In the application, we set up a simple file listener using java.nio’s WatchService, which is running on a thread separate to that of the rest of the Spring application. What’s ideal about WatchService (introduced in Java 7) is that it doesn’t periodically poll to get updates from the file system. While waiting for notifications, the service blocks execution and does not consume any CPU.

WatchService code snippet from Studio backend. First, we register the target directory’s Path object to a WatchService object, to get notified whenever a new entity is created. Then, the `watchServie.take()` call blocks until such an event occurs.

Visual Features

For the user interface, we have a simple toggle button similar to our existing night mode toggle. This button enables or disables the COVID-19 map layer. It highlights the COVID-19 layer feature as an added dimension of valuable metadata to existing audience offerings. As an unexpected bonus, toggling both the new COVID-19 layer and our existing night mode on makes things look way cool!

After the initial release, we added alerting and failsafe mechanisms against script failures and data outages by monitoring file sizes and timestamps. We also set up a scheduled cleanup script to make sure that while we have some predefined retention of old data.

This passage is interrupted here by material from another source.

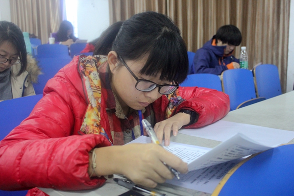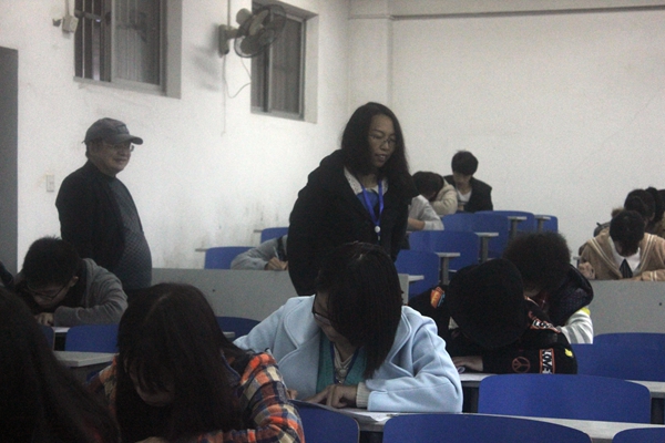 考场中脖子上戴着由蓝色绳子牵引着的工作牌的学生党员和干部分外抢眼,他们坐在考场中,引导着整个空间的风气。“良好的考风考纪是学生乃至整个学院的高素质体现,学生干部和党员就应该树立好榜样!”刘云峰老师如是说道。视察途中,她一再强调考场纪律问题,指出考生必须严格遵守考纪,为考场营造良好的风气,学生干部、党员作为优秀学生代表更是责无旁贷。考试不仅是对学习成果的检验,对学风考风的考核,更是对参考学生人格品质的考察。

Closing Thoughts and Next Steps

The COVID-19 crisis reinforces how we must quickly adapt to help our customers through changing situations. It is an excellent reminder of how software engineering projects should always strive for simplicity, speed, and practicality. As seen with this project, it’s not always practical to do things “as we’ve always done.” It’s also not necessarily easier to build up existing software — in some cases, it’s beneficial to write new, independent processes that can be significantly simplified. Had we gone with forcing the COVID-19 data on our existing geo data pipeline, we would have ended up with a much larger feature, a longer development process, and likely quite a bit of custom logic somewhere along the existing pipeline. Instead, we were able to produce a quick solution to an ephemeral problem, with a minimal footprint on our codebase.

At the time of writing, we are still adapting to the physical, mental, sociological, economic, and technical challenges created by the COVID-19 situation. When we continue to work together to simplify, solve, and improve upon every challenge we face, we will persevere. See you all, IN PERSON, on the other side!